うつ病の方が仕事を探す方法


うつ病を抱えている方が社会復帰を考える際に気になるのは仕事のことです。うつ病を抱えた状態で仕事ができるのか、就職して病状が悪化しないかなど不安に感じている方は多くいます。うつ病の方が仕事を探すには、どのような方法があるのでしょうか。

鬱病の方の就職面接のイメージ

うつ病でも仕事はできる?

うつ病でも仕事に就くことは可能です。実際に、治療を続けながら仕事をしているうつ病の患者さんは多くいます。しかし、病状が落ち着いていない場合には焦って就職活動をしてしまうと悪化することがあります。まずは十分に休養をとりましょう。

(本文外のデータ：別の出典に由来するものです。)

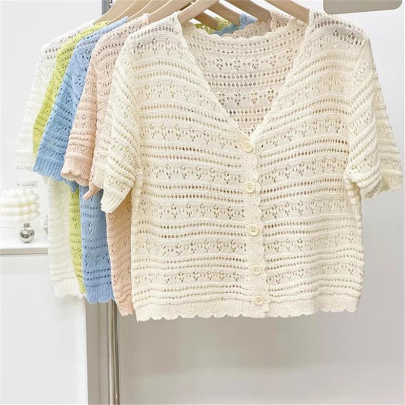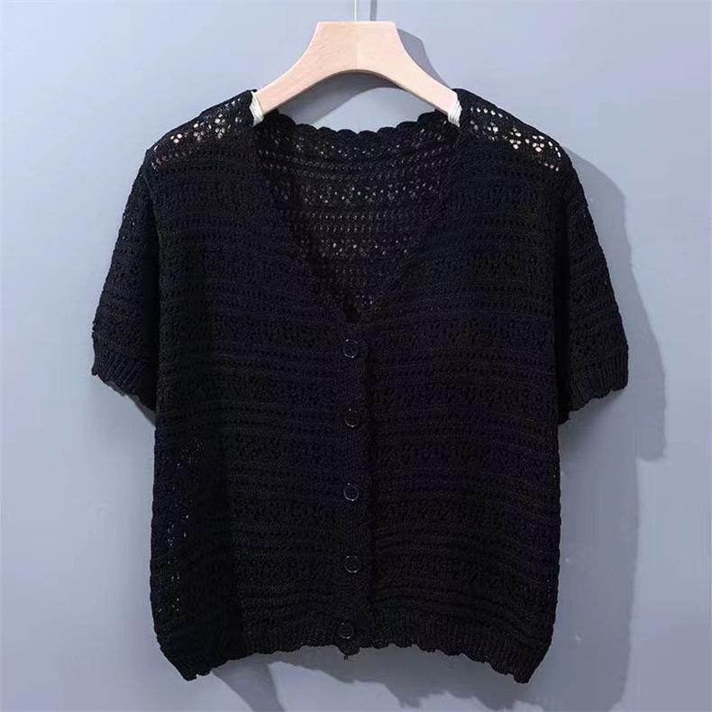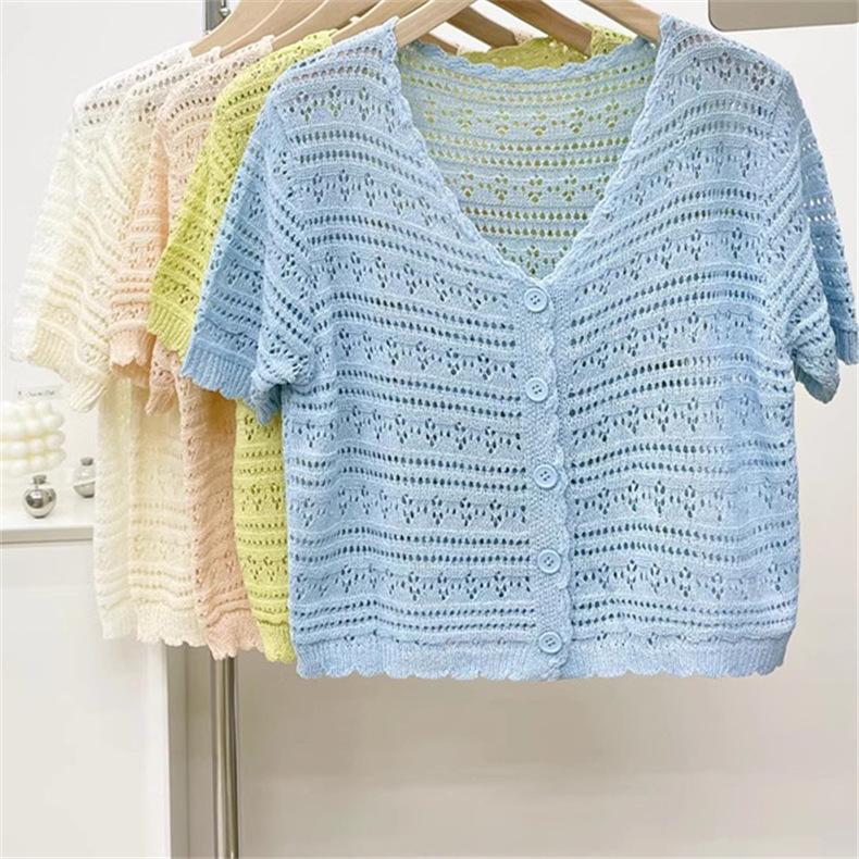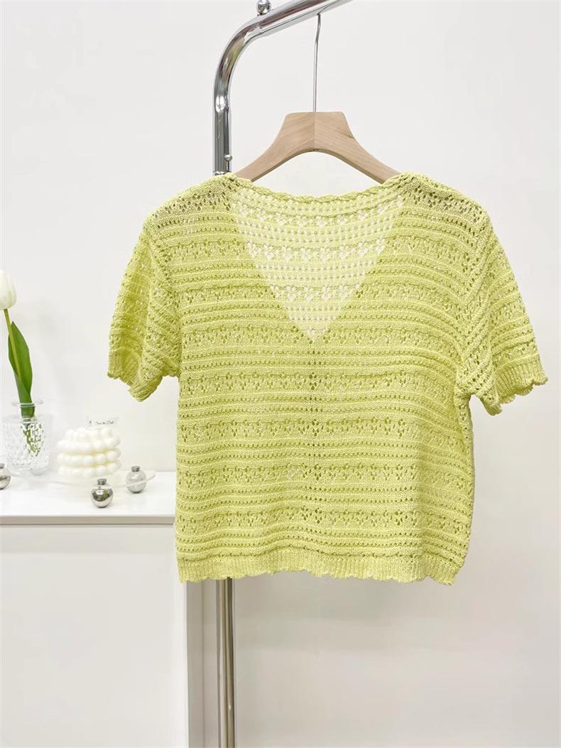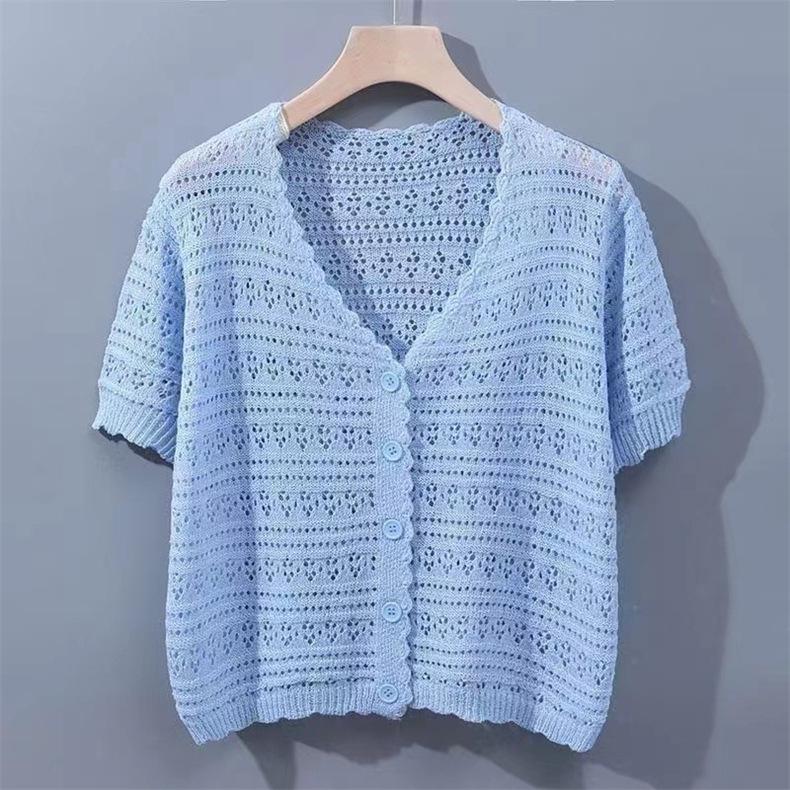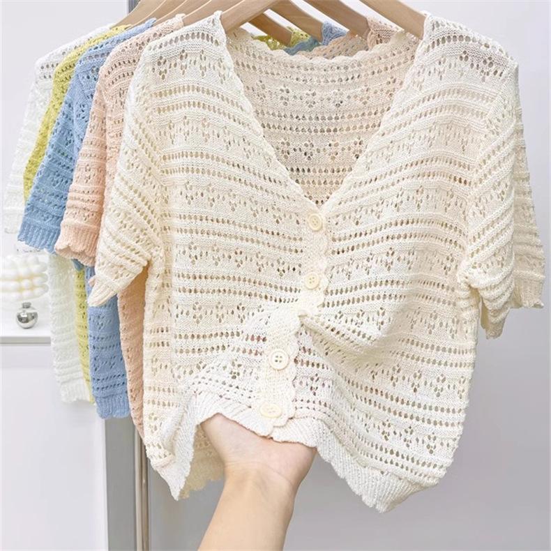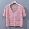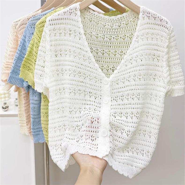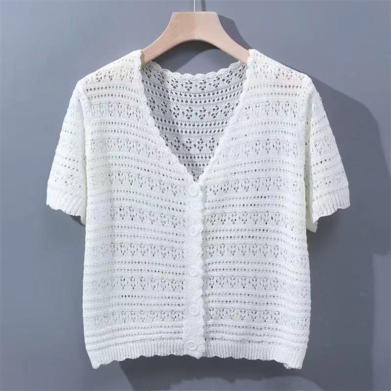 Blusa de Verano con Aberturas 2024 Camiseta de Manga Corta para Mujer Nuevo Cárdigan Tejido de Seda de Hielo Protección Solar Top Corto Versátil

「そろそろ仕事を始めたい」と思ったら、主治医に相談してみましょう。主治医が、回復したと判断して許可が出れば就職活動を始めることができます。仕事を探す場合には、体調を見ながら無理のない範囲で始めましょう。

仕事を探す際にうつ病のことは伝えるべき?

うつ病で仕事を探す場合に、企業やエージェントなどにうつ病であることを伝えるかどうか悩む方が多いようです。

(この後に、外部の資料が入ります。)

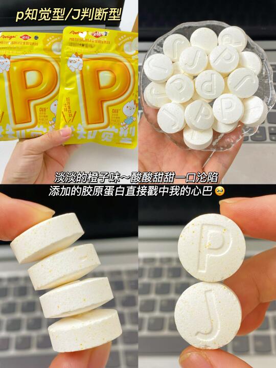 ✅p知觉型/J判断型:益生菌压片糖。淡淡的橙子味~酸酸甜甜一口沦陷,添加的胶原蛋白直接戳中我的心巴🥹

病状が安定していて、次の職場でも問題なく仕事ができると主治医が判断した場合には、うつ病であることを伝える必要はありません。ただし、まだ体調に不安が残る場合には事前に伝えておくことをおすすめします。事前に伝えておけば、業務に支障が出ないよう職場が配慮してくれるケースもあるからです。

就職活動中にストレスを感じて体調が悪化することもあります。その場合には、無理に就職活動を続けようとせずに再度休養するなど、主治医と相談しながら進めていくことをおすすめします。

また、障害者手帳を取得している場合には障害者雇用で仕事を探すのも一つの方法です。障害者雇用では、採用する企業側が病気のことを理解し、配慮することを前提に採用を行うため、うつ病を抱えていても安心して仕事をすることができるでしょう。

うつ病の方が仕事を探す際に利用できるサービスや機関

うつ病の方が仕事を探す場合には、一般の就職サイトやエージェントを利用するほかにもいくつか方法があります。以下で紹介する機関では、病気に配慮しながら就職活動を行うことが可能です。「就職活動が不安だ」という方は、こうした機関の利用を検討してみるとよいでしょう。

ハローワーク

ハローワークでは、専門の職員によるうつ病を含めた障害者の就職支援を行っています。障害者を対象にした求人の紹介だけでなく、就職や職業訓練の受講などの相談もできます。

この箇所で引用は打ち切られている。